With The Arrival we come to the list’s most literal interpretation of The Stranger, not only in the hero's story of immigration to a strange new land, but with the graphic form itself: devoid of known languages, inviting us as readers along on the experience.

I heard Shaun Tan speak this past June at the enormous & excellent Sydney Writer’s Festival.

He came across as funny, candid & totally unpolished, a very likable, humble fellow, who talked about the four-year process of producing the 120-page, unnumbered The Arrival. Shy of over-burdening his family & friends, he used himself as the model for the principal character.

(There was a funny moment during his talk when someone in the audience asked him who he’d used, while Shaun Tan—standing right there, not far away—looks just about exactly like his character).

To find the most fluid movements & natural expressions, Tan assembled some of his panels from stills taken from video. He’d go out in his backyard, say, wearing a hat & long coat, set the camera rolling & then pick up a suitcase, walk a few steps, put it down, look up. He’d draft his friends & family to perform similar sequences, over & over again. His neighbors, who held to varying degrees of understanding what he was doing, would sometimes watch him in his yard.

His Chinese father immigrated from Malaysia to Australia in 1960. Tan grew up in Perth, where he was in different ways both a born-&-bred native & a stranger there himself. In part the book is inspired by his father’s stories, but The Arrival is far more universal.

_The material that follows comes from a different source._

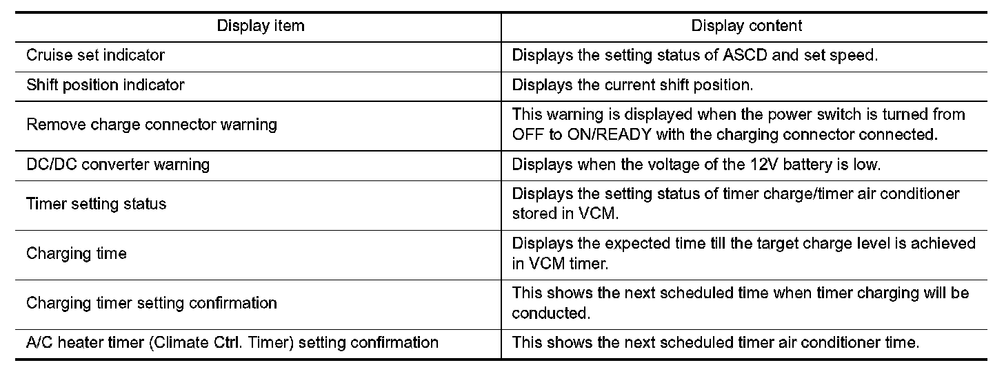 Information necessary to control the information display is transmitted from each relevant control unit and entered into the combination meter. Based on this information, warning or other information appears on the information display. VCM displays the following items.

Some images are adapted from people he’s interviewed. Some are taken directly—& recognizably—from sepia photos of Ellis Island. Others are based on things like a Tom Roberts' painting of a migrant ship bound for Australia, ‘Going South'. One of the project’s many origins was in the double-page illustration near the start—titled “The Old Country”—of dragon tails looping through a city, the family walking below. He didn’t know what it was about, but he wanted to find its story.

Tan’s excerpted essay HERE--found at the bottom of the page under “Comments on The Arrival”--is worth reading & pertains to our theme.

Shaun Tan has won the Australia’s prestigious New South Wales Premier’s Literary Award for 2007 (a true feat for a wordless book) & the World Fantasy Award for Best Artist. Since its US release in October 2007, it’s enjoyed such popularity that it was hard to find on shelves over the holidays.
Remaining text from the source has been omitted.